It’s a slow afternoon in late summer, each delicious minute begging me to listen to the quiet shifting sounds around me. Hunched over my cracked laptop, I stretch, and look up, fascinated by the way the wind sounds like the sea rolling in and out, the leaves like waves caressing the shoreline and splashing back in glee, lifting and falling again with a hushed acceptance, like a tipped rainstick. The birds slow their song to hum along. The squirrels pause their scurrying to pay attention to this quiet, wordless prayer.

This is what it sounds like to be alive in my body today, the wind holding God’s generous message: to cling to what is good, to cease worry, to simply be, rooting down right where I am, a whispered reassurance of place and purpose.

What emotions rise in you as you read this today?

Does your heart quicken at the thought of listening, or do you—like me—panic as you read of God’s voice in other people's lives because you don’t hear God that way, or perhaps can’t even recall the last time you heard God speak?

One icy winter morning in my junior year of college, my roommate swept into our tiny bathroom, practically bursting at the seams as she recounted an extremely detailed (and terrifying) dream from the night before—one in a series of similar dreams. She knew God was speaking to her about her future, and providing healing for her past. Later that same month, another roommate spoke to me about visions God placed in her mind, drawing her overseas to work and minister alongside the Irish church, which would later come to fruition.

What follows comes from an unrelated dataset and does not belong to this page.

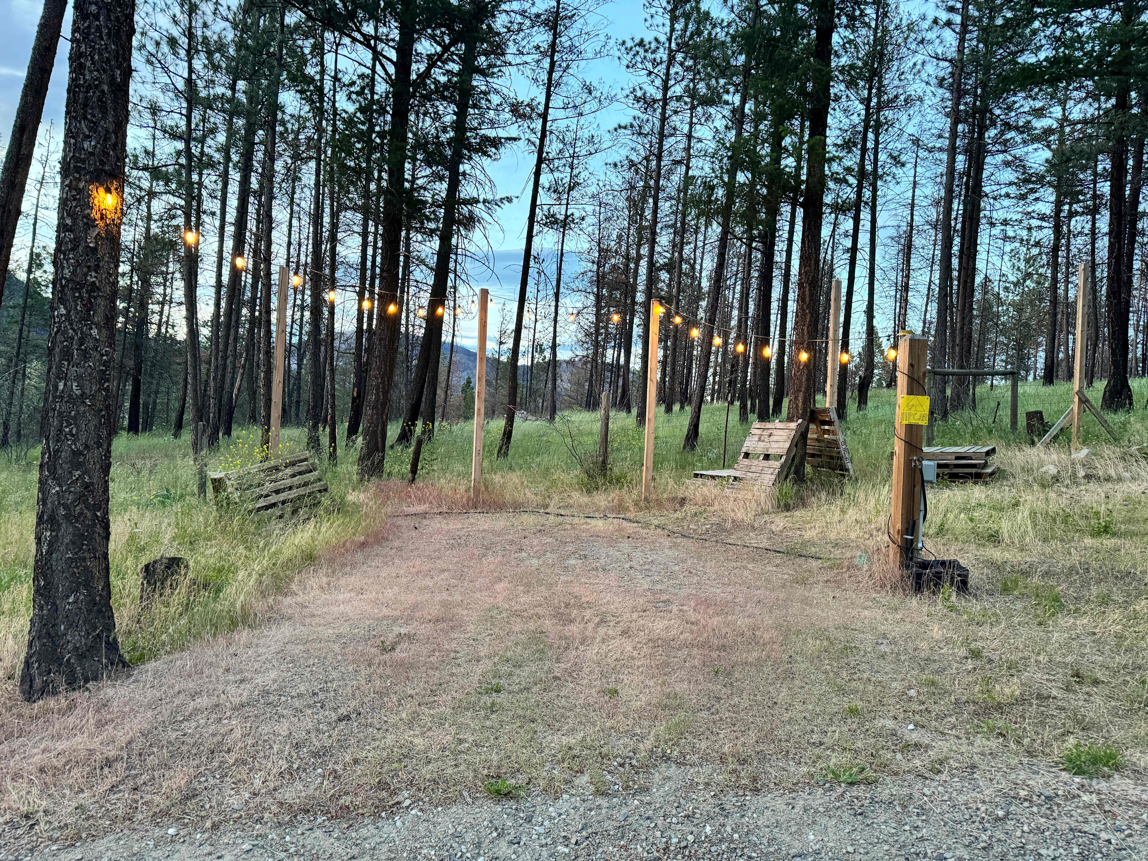This site is a site that overlooks my beach vb courts! It’s under some large pine/fir trees and is the most shady area we have on the property. We can run an extension cord for you and I will provide a large bottle of water for guests! We have moved into a trailer on the property as we rebuild our home so we live there and are quiet people so we expect quiet guests. We also will allow access to an outdoor kitchen area! Please bring your own plates and utensils. We will provide some cooking utensils as needed.
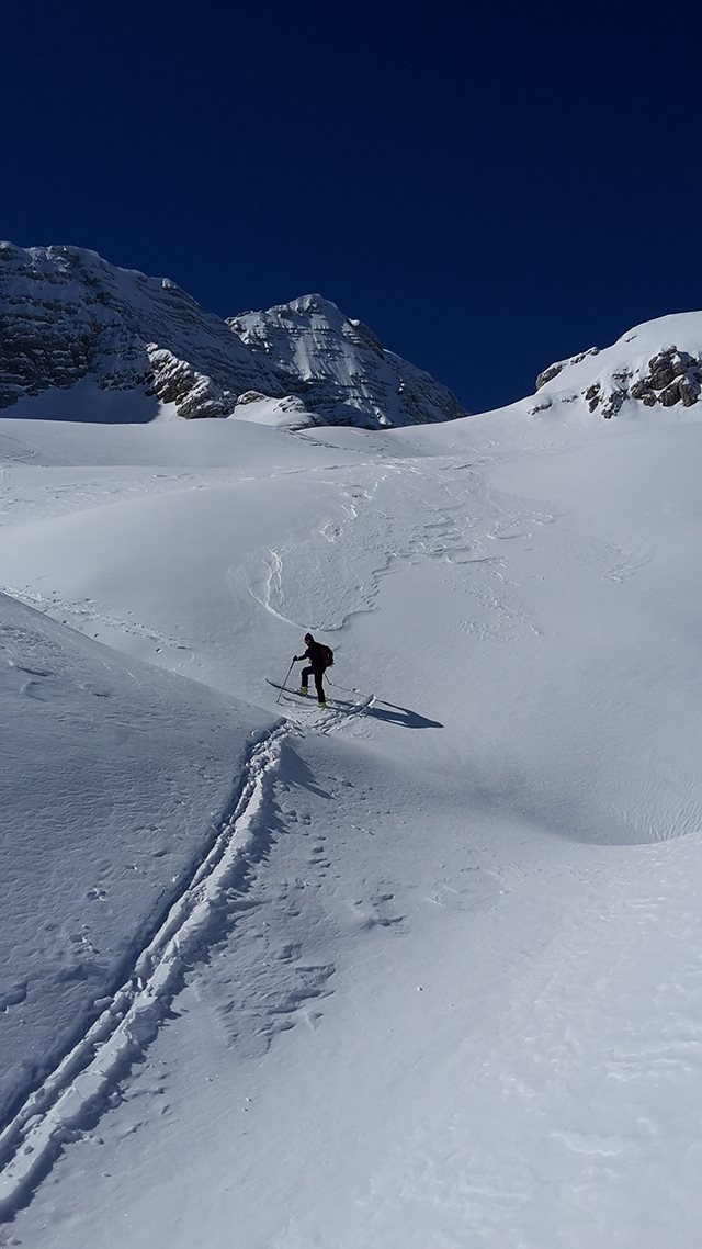 La sua particolarità è data dall’eccezionale quantità di neve che si accumula durante la stagione fredda pur essendo a quote relativamente basse: diciamo che le precipitazioni nevose sul monte Canin a 2200m possono raggiungere anche i 15 metri, il record delle Alpi. Ed è proprio sul Canin e sul Montasio (l’altra montagna simbolo di Sella Nevea) che si snodano i percorsi più affascinanti per gli amanti delle pelli, tanti quelli che si possono scegliere con più gradi di difficoltà: nelle foto vedete l'itinerario verso Sella Ursic ma forse il più famoso è quello che vi porta al monte Forato (Okno in sloveno) dove transita anche la famosa gara di scialpinismo del Canin che si svolge solitamente a metà aprile.

At my Christian college, friends recounting God’s audible, visual, or tangible voice was common. However, instead of supporting these friends in their breakthroughs, I was terrified, deeply anxious. I’d never (and have never) heard from God these ways; I feared that because I couldn’t share in their experiences, I was inept at hearing God.

Insidious questions haunted me: How will I know what to do if I cannot hear God? Am I forgotten? Is it my fault?

After much reflection and conversation, I discovered that maybe I felt God was silent because I was not listening for God, but instead for an identical copy of someone else’s experience of God. As the voice of comparison shouted inside me—why doesn’t God love me like that?—I couldn’t hear the voice calling to me in the quiet depths of myself.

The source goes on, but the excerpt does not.